How should we mark the last hurrah for Sachin Tendulkar, India's greatest sporting legend?

Sachin Tendulkar is reported to have requested 500 tickets for friends and relatives for his final match before retirement.

I was at the Sydney Cricket Ground in January 2004 when Steve Waugh played his final Test. It was the last match in a four-Test series and Waugh, the Australia captain, had only to walk out of the pavilion or touch the peak of his baggy green cap or pick up the ball and throw it back to the wicketkeeper for the stadium to erupt in applause.

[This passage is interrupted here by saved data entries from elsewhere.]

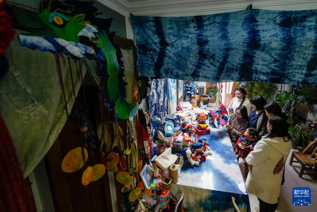 4月6日,李萨(左一)和母亲甘彩云(左二)在工作室内为参观者讲解蜡染制作技艺。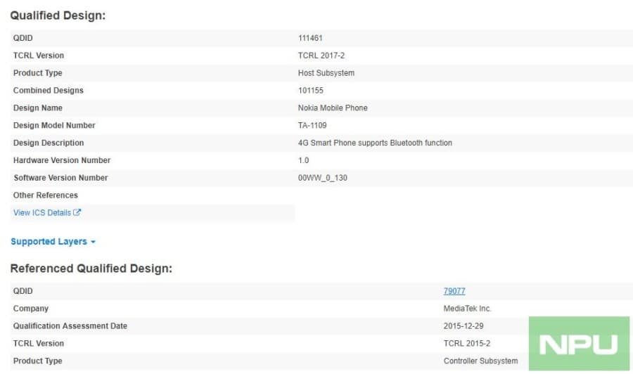 Смартфон Nokia с номером модели TA-1109, который в апреле получил сертификат CCC в Китае, прошел сертификацию Bluetooth. Подробностей об устройстве все еще мало, но теперь стало известно, что он построен на платформе Mediatek.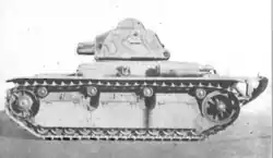 In the late thirties, there had been several projects to improve the Renault R35 light infantry tank. One of these was directed to the improvement of the horizontal rubber spring suspension system that, apart from being less reliable than originally hoped for, caused an uncomfortable ride, high track and tread wear and an unfavourable weight distribution. The type tended to get stuck in soft terrain. Several solutions were proposed, among them an overdrive, new wheel tyres, a freewheel in the gear box, the fitting of grousers or studs on the existing tracks, or the adoption of a new track type. None of these were satisfactory.[1]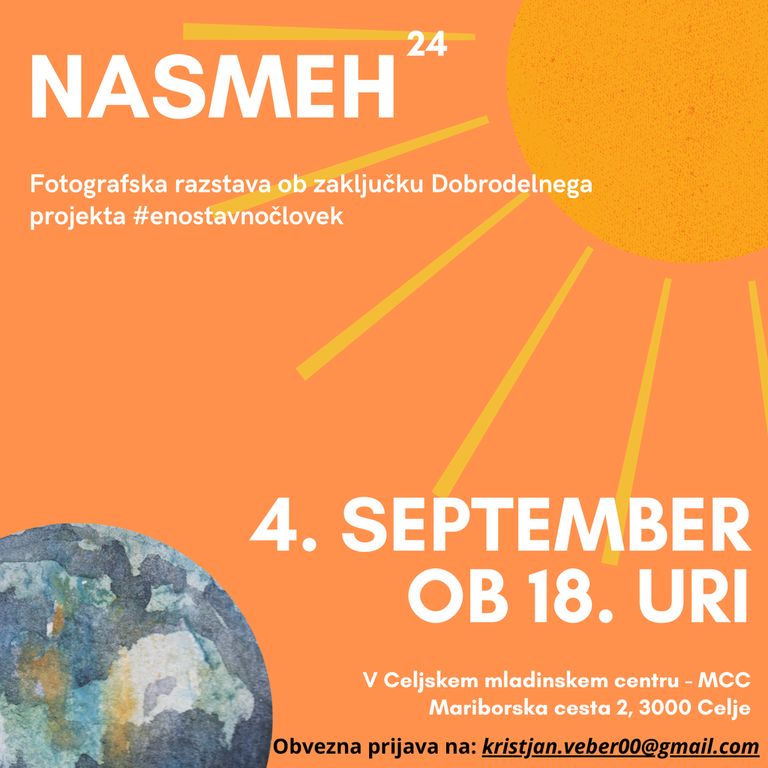 Otvoritev razstave bo v petek, 4. septembra 2020, ob 18. uri v Celjskem mladinskem centru, razstava pa bo na ogled vse do konca meseca septembra.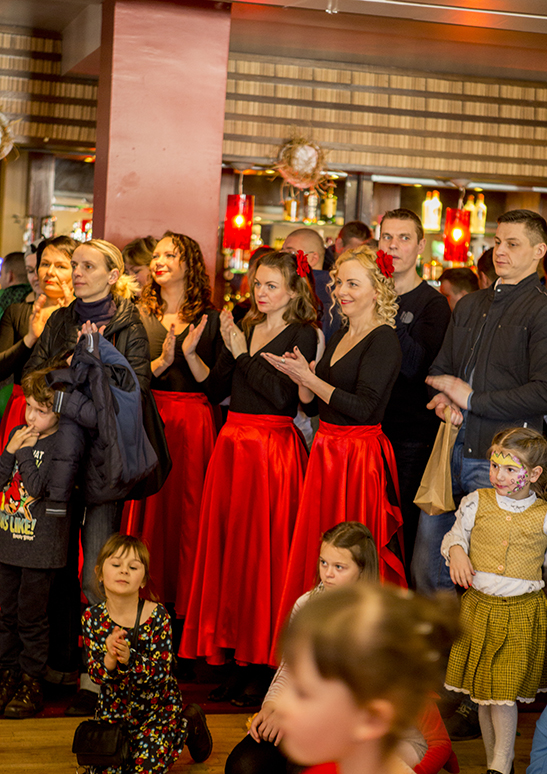 Folkloru mugės dalyvius linksmino net du tautiniai kolektyvai: ansamblis „Dobilas“ iš Dublino ir lietuvių liaudies šokių kolektyvas „Spiečius“ iš Šiaurės Airijos. Elonos studija atsivežė šokėjus nuo mažiausių iki didžiausių. Puikių dainų dovanojo vaikų choras ,,Baltieji perliukai“.

The Wankhede Stadium in Mumbai, where Sachin Tendulkar will play his final Test from 14 November, seats 12,500 fewer spectators than the Sydney Cricket Ground. But expect the din to be louder, more relentless and laden as much with hysteria as with a sense of – to borrow from the commentator and former Australian cricketer Matthew Hayden – a nation’s frantic appeal to one man for one more miracle.

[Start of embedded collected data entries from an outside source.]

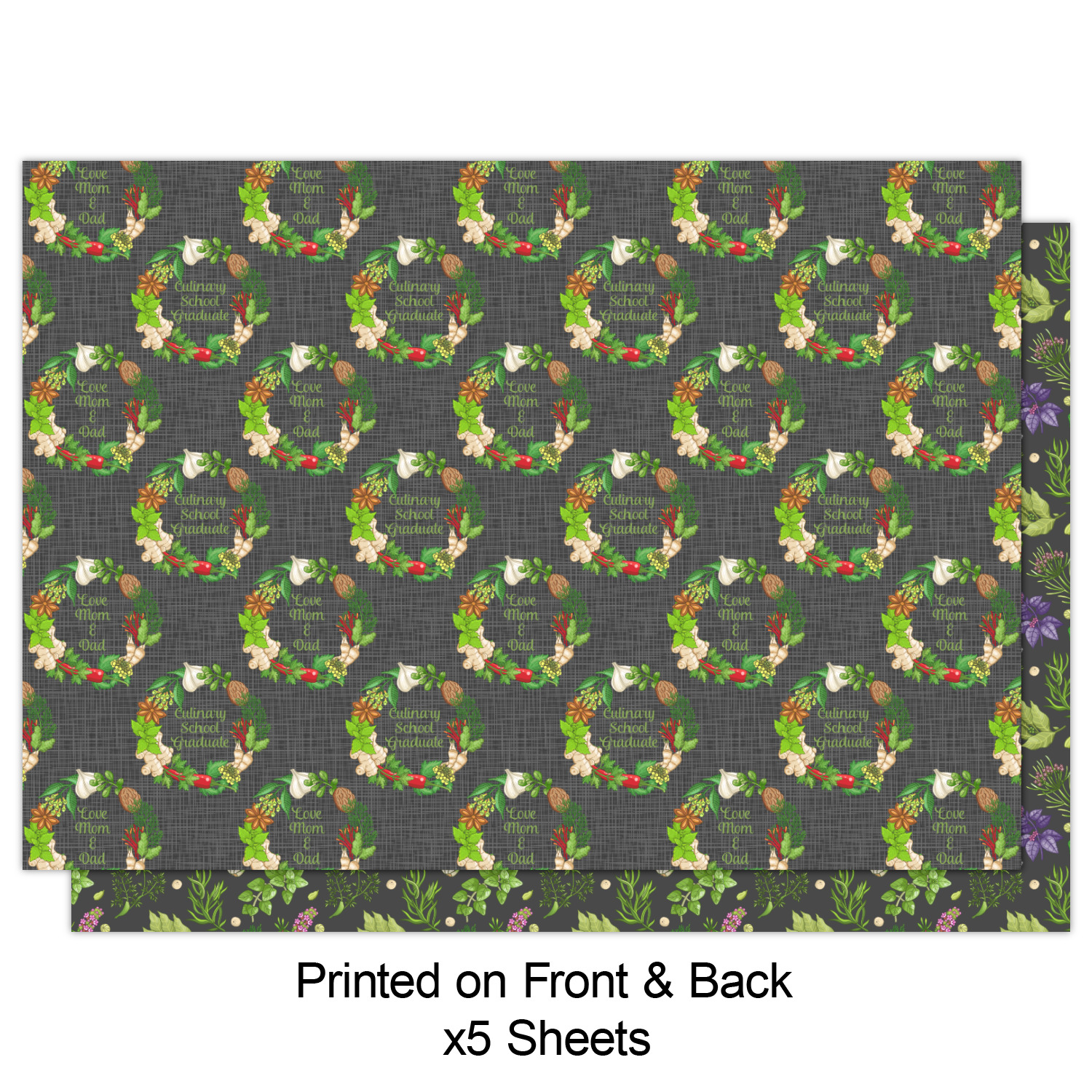 The second print style is double sided or reversible wrapping paper sheets. You can customize both sides of these wrapping paper sheets.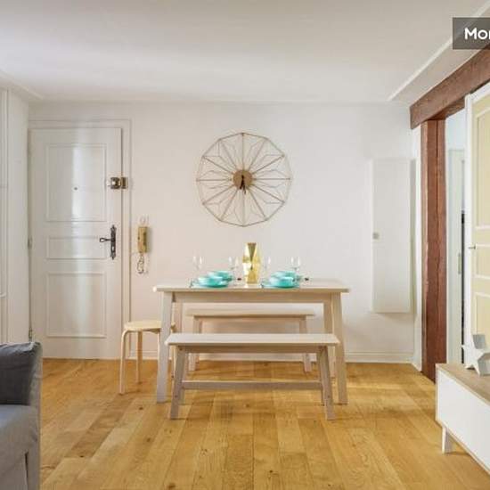 The apartment is ideally located in the heart of Strasbourg. Quiet in a typical Alsatian House (half-timbered and woodwork) to 3 th floor on 4. Very bright (with at least a large window per piece and not overlooked). Decorated with taste and very comfortably equipped, this charming 2 rooms with parquet, has a large bathroom with bath and shower, a kitchen furnished with all the necessary appliances, a living room and a room. The geographical location of this apartment will invite you to discover the streets of Strasbourg, France small or go ...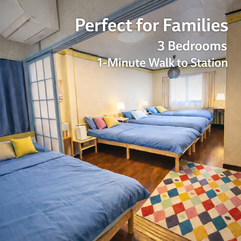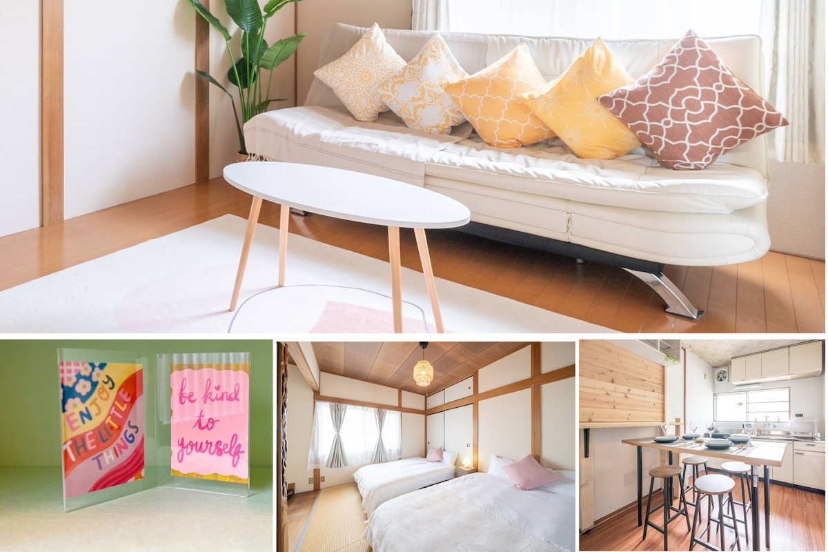 感谢您的查看! 我们的房源距离南海本线住吉大社站步行4分钟,交通非常便利,关西机场、难波、心斎桥和梅田等主要景点都能轻松到达,非常适合旅游或商务出行。 您将享有一栋80㎡的2LDK房屋,完全独立,设施齐全。住吉大社和住吉公园等大阪著名景点步行几分钟可达,是旅游的理想选择。我们还提供两辆免费的自行车,可以用来探索周边区域。 对于有小孩的家庭,我们提供婴儿床、高脚椅和婴儿车等婴儿用品(如需使用,请提前告知我们)。 交通信息 • 难波:10分钟 • 天下茶屋:5分钟 • 梅田:25分钟 • 关西机场:约40分钟 周边信息 • 超市:步行3分钟 • 住吉大社:步行4分钟 • 附近有许多餐厅、咖啡馆和居酒屋 此房源仅为一组客人独享,保证您的隐私和舒适。非常适合与家人或亲朋好友共享宁静时光。丰富的婴儿用品也非常适合带小孩的家庭。 在我们的舒适房屋里享受您在大阪的美好时光吧!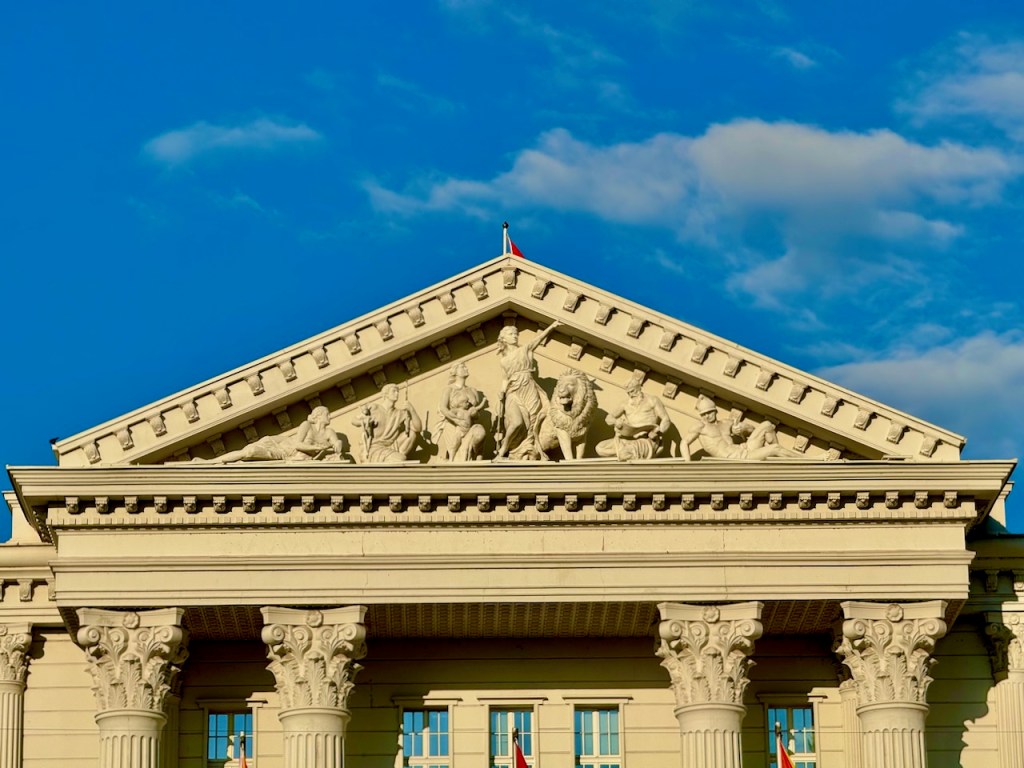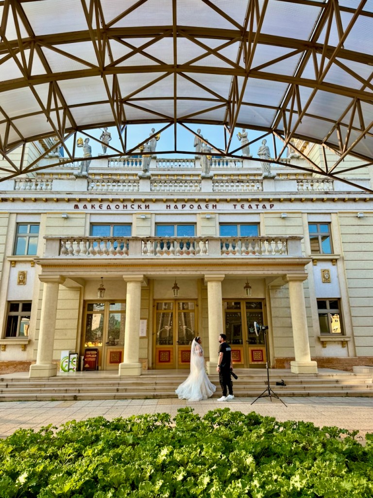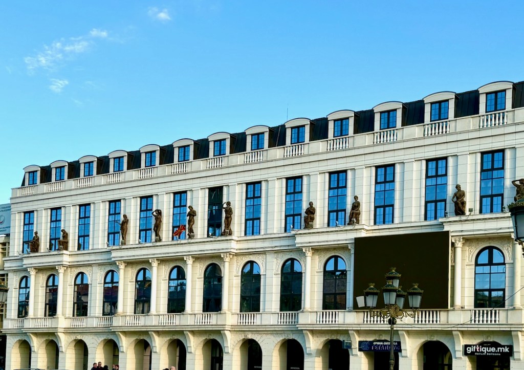 Basaarista alas tullessa on kohta Makedonian aukiolla ja sen lähellä olevien rakennusten luona. Yksi näistä on Teatterirakennus, jonka ympäristössä on myös valtava määrä patsaita.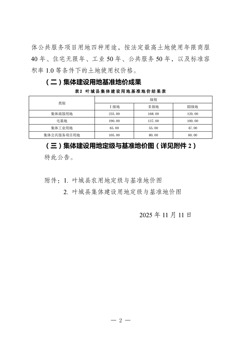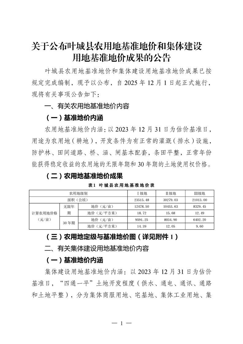 关于公布叶城县农用地基准地价和集体建设用地基准地价成果的公告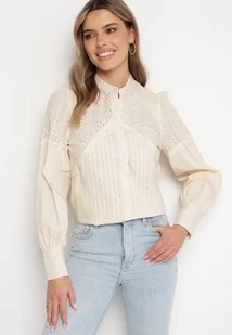 Beżowa Bawełniana Koszula ze Stójką i Ażurową Koronką Lathorissa

The reverberations will be felt across the country. They are already being felt – and not just in terms of the cricket. In the wealthy but murky corridors of Indian cricket administration, no one will say if Tendulkar – like Waugh – was told that he should make this his final Test and retire rather than risk being dropped (in Tendulkar’s case, from the forthcoming series against South Africa).

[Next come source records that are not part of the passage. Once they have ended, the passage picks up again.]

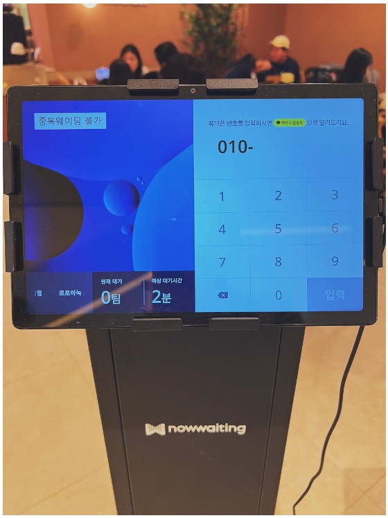 매장 앞 대기등록기에 번호를 입력하면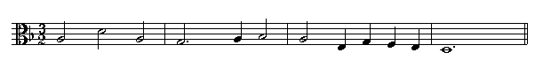times the note B. The interval between G and B is a major third. So the key of this piece is G-major.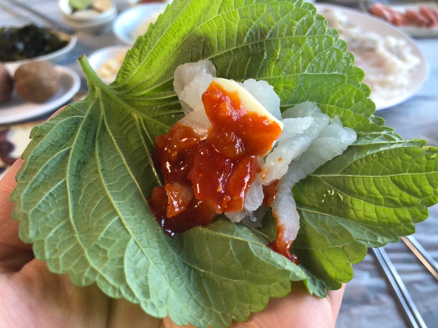 활어회 반을 쌈 싸먹고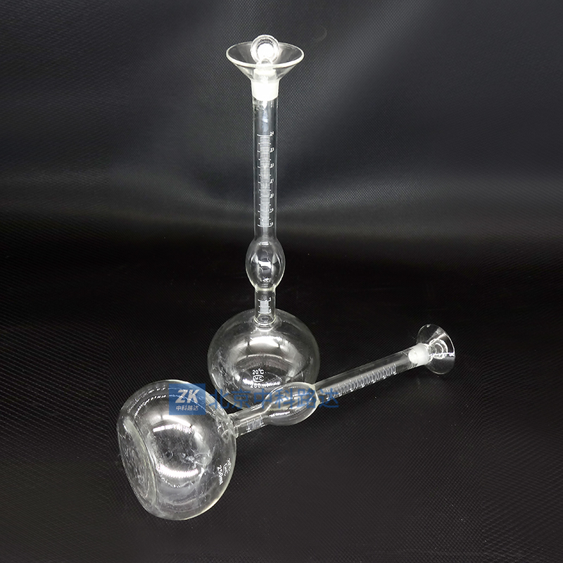 形寬口,具磨砂玻璃塞,在瓶頸的中下部有一長形球,瓶頸刻度容量

The Indian cricket board has long had no love for Test cricket (other than in the brief period when India was ranked number one in that format of the game), preferring instead the far more popular Twenty20 and even 50-overs-a-side formats. Yet this was an opportunity to create a grand stage for a grand farewell. This was a chance to make money from a Test match against a lowly opposition. This was, perhaps, the opportunity to get the Tendulkar retirement issue out of the way, as well.

So the West Indies series was conjured up. The tour to South Africa was pushed back. Tendulkar duly announced his retirement. It was decided that the final Test would be played in Mumbai, Tendulkar’s home ground. If there was a quid pro quo, no one was breathing a word about it.

The Wankhede Stadium is expected to be full – now a rare occurrence for a Test match in India. More than ticket sales, however, the big money comes from advertisers on television. Indian papers have reported that ads for a ten-second TV spot are likely to be sold at a premium of 200 to 300 per cent.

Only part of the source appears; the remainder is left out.